Article III: The Pediment

  • The Pediment must:

    • represent the gable of the roof

    • never be anywhere except across the width of a building.

    • be above the entablature

  • The faults:

    • To erect the pediment on the long side of a building.

    • To make non-triangular pediments

      • Should not be curved, broken nor scrolled

    • To pile pediments on top of each other

Chapter II: The Different Architectural Orders

  • The Doric Order (in columns):

    • Has the most beautiful base, but is difficult to use:

      • Doric columns can never be coupled successfully

      • Interior angles become difficult because of the bases and capitals must penetrate each other

  • The Ionic Order:

    • Almost faultless, lighter and more delicate than the Doric

      • The column suffers because nature dictates that the heaviest part must always be at the bottom, but the Ionic column is heavy at top

      • The base is ill-formed and could be eliminated

        • Offends against the true principles of nature

  • The Corinthian Order:

    • The greatest, most majestic order

      • Beautiful, harmonious composition

        • Architects should stop using anything by the acanthus leaf which “has by nature the contour and curves which suit the leaves of the Corinthian capital.”

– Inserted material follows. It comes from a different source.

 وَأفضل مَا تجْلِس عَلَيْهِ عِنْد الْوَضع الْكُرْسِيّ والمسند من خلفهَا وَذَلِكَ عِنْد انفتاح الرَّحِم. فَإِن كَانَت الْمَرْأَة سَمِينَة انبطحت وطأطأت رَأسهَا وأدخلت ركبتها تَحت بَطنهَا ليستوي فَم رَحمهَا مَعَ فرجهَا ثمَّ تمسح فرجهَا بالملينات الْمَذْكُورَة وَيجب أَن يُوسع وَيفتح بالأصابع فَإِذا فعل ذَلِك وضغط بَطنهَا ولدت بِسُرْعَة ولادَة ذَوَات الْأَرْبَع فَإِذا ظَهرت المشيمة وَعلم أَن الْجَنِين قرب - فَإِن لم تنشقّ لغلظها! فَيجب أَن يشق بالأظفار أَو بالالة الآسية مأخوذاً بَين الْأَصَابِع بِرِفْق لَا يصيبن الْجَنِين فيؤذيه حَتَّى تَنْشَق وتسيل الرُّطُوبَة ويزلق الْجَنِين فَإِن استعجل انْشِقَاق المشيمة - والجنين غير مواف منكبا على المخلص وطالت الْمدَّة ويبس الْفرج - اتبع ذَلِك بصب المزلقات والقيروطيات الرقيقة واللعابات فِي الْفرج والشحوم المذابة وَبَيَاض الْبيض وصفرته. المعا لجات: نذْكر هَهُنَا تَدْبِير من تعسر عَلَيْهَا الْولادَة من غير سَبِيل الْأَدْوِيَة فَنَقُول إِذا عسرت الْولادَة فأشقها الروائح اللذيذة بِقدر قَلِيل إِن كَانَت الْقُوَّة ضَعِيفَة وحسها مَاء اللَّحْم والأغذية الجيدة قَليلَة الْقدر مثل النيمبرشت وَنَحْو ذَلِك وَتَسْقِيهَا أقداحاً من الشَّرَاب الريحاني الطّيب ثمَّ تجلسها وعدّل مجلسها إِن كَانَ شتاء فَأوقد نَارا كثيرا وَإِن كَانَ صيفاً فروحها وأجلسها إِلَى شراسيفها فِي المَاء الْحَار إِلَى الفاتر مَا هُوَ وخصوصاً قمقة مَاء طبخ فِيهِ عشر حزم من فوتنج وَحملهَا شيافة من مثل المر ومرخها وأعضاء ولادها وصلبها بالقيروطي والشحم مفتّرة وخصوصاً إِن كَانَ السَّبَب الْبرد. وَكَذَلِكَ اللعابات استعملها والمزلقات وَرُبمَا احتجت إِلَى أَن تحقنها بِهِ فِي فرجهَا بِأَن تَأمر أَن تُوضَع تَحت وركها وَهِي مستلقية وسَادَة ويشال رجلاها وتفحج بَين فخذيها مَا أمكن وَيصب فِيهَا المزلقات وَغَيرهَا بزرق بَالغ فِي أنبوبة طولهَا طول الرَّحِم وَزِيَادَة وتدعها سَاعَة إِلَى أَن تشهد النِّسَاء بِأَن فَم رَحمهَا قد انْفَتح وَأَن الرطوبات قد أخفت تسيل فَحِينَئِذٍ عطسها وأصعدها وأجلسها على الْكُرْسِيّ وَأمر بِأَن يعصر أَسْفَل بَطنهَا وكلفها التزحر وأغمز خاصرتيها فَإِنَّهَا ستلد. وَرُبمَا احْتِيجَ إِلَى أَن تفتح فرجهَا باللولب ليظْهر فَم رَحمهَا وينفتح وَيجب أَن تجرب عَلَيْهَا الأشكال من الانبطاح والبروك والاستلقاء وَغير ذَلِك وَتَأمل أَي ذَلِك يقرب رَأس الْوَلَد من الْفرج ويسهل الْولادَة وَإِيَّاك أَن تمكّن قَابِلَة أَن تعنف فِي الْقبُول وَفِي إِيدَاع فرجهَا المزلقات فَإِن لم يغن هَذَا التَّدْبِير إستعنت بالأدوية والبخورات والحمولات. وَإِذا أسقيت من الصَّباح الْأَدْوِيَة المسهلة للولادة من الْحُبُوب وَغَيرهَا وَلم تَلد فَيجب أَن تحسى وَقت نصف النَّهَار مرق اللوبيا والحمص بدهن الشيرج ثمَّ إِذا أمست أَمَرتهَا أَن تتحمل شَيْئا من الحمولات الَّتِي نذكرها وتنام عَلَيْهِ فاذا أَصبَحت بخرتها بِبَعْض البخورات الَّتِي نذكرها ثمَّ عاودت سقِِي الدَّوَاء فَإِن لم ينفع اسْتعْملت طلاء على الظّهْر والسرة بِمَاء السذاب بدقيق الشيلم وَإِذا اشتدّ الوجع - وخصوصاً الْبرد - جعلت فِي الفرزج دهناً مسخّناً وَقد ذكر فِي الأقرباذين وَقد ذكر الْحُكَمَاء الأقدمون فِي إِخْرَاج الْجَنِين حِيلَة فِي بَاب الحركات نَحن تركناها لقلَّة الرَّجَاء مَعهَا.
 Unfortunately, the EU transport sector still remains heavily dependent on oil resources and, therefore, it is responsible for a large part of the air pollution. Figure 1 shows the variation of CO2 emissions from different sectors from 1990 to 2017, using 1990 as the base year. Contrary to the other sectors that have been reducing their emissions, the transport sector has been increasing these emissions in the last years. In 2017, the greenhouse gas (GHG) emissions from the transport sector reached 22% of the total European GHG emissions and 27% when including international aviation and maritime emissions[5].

Chapter III: Observations on the Art of Building(Laugier’s Commodity, Firmness and Delight)

  • Article I: On the Solidity of Buildings

    • Building must be solid for long life, much like the ancients did

    • Solidity depends on two things: Choice of material and its efficient use

  • Article II: On Convenience

    • The situation (site) must be considered to include views and ventilation

    • The planning (exterior and interior) must be suitable, comfortable, have good circulation, and always include a courtyard

    • The internal communications (servants halls, stairways, etc) must be located for quick access

  • Article III: On How to Observe Bienseance in Buildings

    • A building must be neither more nor less magnificent than is appropriate to its purpose

  • “Beauty of buildings depends on three things: accuracy of proportions, elegance of forms, and choice and distribution of ornaments.”